Early in his career, Cliff became active in trade union affairs. He joined the Amalgamated Association of Tramway and Vehicle Workers and later became the chairman of its Leeds branch and a member of its national executive council. He played a prominent role in national negotiations for a 48-hour week for tram workers, an "equal pay for equal work" agreement and the setting up of a national enquiry into tram workers' pay and conditions.

In 1919, the union merged with the London and Provincial Union of Licensed Vehicle Workers to form the United Vehicle Workers. Cliff was appointed the secretary of its passenger services national trade group, representing workers in the public transport sector throughout the country. In the same year, he was appointed joint secretary of the newly-formed Joint Industrial Council for the Tramways Industry of England and Wales.
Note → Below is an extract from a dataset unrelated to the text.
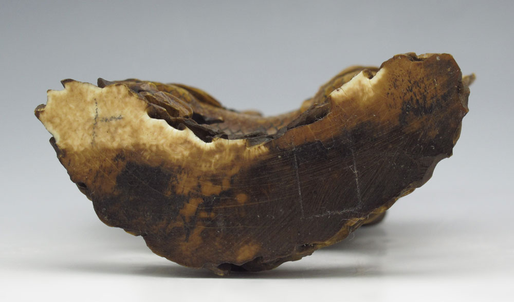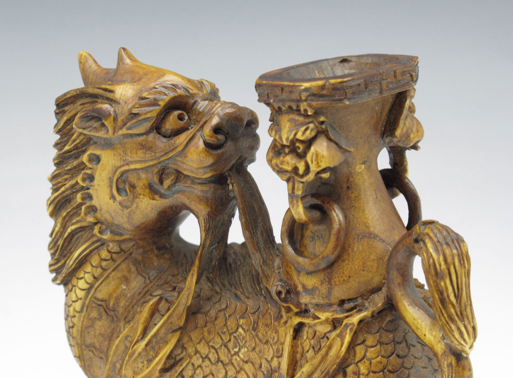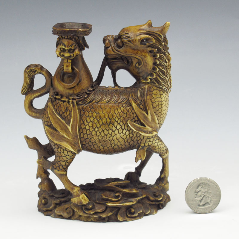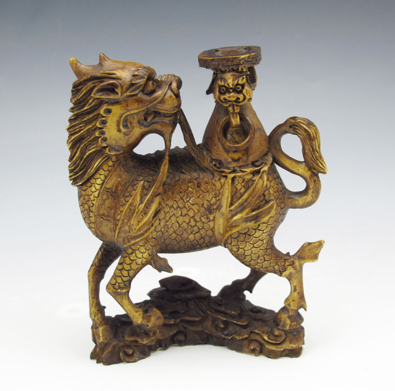 CHINESE MYTHOLOGICAL BUFFALO CARVED IVORY FIGURE: Figural buffalo with hooves and scales and palace seat on back. Unsigned. 5'' h. x 4'' x 2''.

In 1922, the United Vehicle Workers was one of fourteen unions (with a combined membership of 350,000) that merged to form the Transport and General Workers' Union (TGWU), with Ernest Bevin as its first general secretary. Cliff was appointed national secretary of its passenger transport group. In 1924, he became the union's assistant general secretary and Bevin's deputy.

==Public service==

In 1924, the London and Home Counties Traffic Advisory Committee was set up to advise the Minister of Transport on issues concerning traffic and transport in the London Traffic Area. Cliff was appointed to the committee, initially for a five-year term, and was appointed for a further term in 1928, being one of three members appointed to serve "in the interests of labour".

In 1929, he left Britain for a six-month visit to India, where he served on the Royal Commission on Labour Conditions in India. The commission's brief was to report on the health, efficiency and standard of living of workers in industrial undertakings and plantations in British India. It issued its report in 1931.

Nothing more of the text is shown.